Carter, [1982] 1 S.C.R. 938, for
determining the admissibility of co-conspirator hearsay evidence, a test not
challenged on this appeal. (The parties did not present argument on and
the Court did not consider whether the Carter test may be affected by R.
v. Starr, [2000] 2 S.C.R. 144, 2000 SCC 40 (released on September 29,
2000).)
4
First, the parties agree that in articulating
the initial stage of the Carter
test, the trial judge wrongly directed the jury that they were restricted to
“Gulliver’s evidence alone” in determining whether they were satisfied, beyond
a reasonable doubt, that there was a conspiracy or common design to traffic
cocaine. This eliminated from the jury’s consideration evidence that both
parties agree was admissible on the point: the
testimony of police officers detailing their surveillance and the bag of
cocaine.
5
Second, the parties agree that the trial judge directed the jury to
apply the wrong standard of proof at the second stage of the Carter
test. This stage involves a determination of whether, on the balance of
probabilities, the appellant was a member of the common
design. The trial judge clearly erred by informing the jury they had to be satisfied of the appellant’s
membership beyond a reasonable doubt, failing which they were required to acquit him.
6
In addition to these admitted errors, the Crown alleges that the trial
judge erred in his caution to the jury
respecting the credibility of the undercover agent Gulliver as an unsavoury witness (the Vetrovec
warning). The appellant disagrees on
this point.
7
Leaving aside the disputed Vetrovec caution, which this Court
recently reviewed in R. v. Bevan, [1993] 2 S.C.R. 599, the critical
issue upon which the court below divided and the main ground upon which Rice
J.A. based his dissent, was whether the admitted errors in charging the jury on the Carter test meet
the threshold for vacating an acquittal as set out in Vézeau, supra.

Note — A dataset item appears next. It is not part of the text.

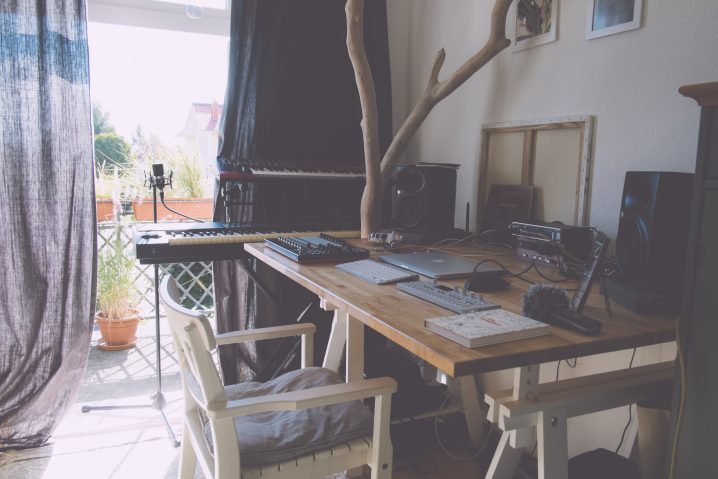 I moved places quite often in the last years so I had quite a different workspace every year. I never had a separate studio, it has always been a part of my flat. At the moment the room is a bit smaller again. Before that, I had a studio that I also used as a painting atelier. Now it’s for music only and focused on functionality by just having set up what I really use.

Has the Crown established with reasonable certainty that the jury, had it been
charged correctly, would not necessarily have reached the same verdict? We are
satisfied that the answer to this question must be yes.
8
It is not disputed that had the jury been properly directed, they could
have found, upon a consideration of all the
relevant evidence and applying the proper standards of proof, that the Carter test
was satisfied. In that case, the hearsay statements at issue, including the
taped conversations implicating the appellant, would have been admissible
against him, as properly falling within the co-conspirator exception to the
hearsay rule. The errors in the trial judge’s charge may have unjustly frustrated such a
conclusion. At the first stage of the test, the jury was effectively
precluded from considering evidence that both parties agree was admissible in
determining whether they were satisfied a conspiracy existed. At the second
stage, the misdirection as to the appropriate standard of proof created the
potential for the jury to reject the admissibility of the offered evidence on
the grounds they were not satisfied of the appellant’s involvement in the
common design to traffic cocaine beyond a reasonable doubt, even though they
may have been satisfied of his involvement on the correct standard of
probability. Either of these errors could have led to the appellant’s
acquittal. Therefore, to use the language of Vézeau, supra, we
can say with reasonable certainty that, had the jury been properly charged, the
verdict would not necessarily have been the same.
9
We would therefore dismiss the appeal and confirm the order for a
new trial.
Appeal dismissed.
Solicitor for the appellant: Margaret
Gallagher, Saint John.
Solicitor for the respondent: The
Attorney General of Canada, Vancouver.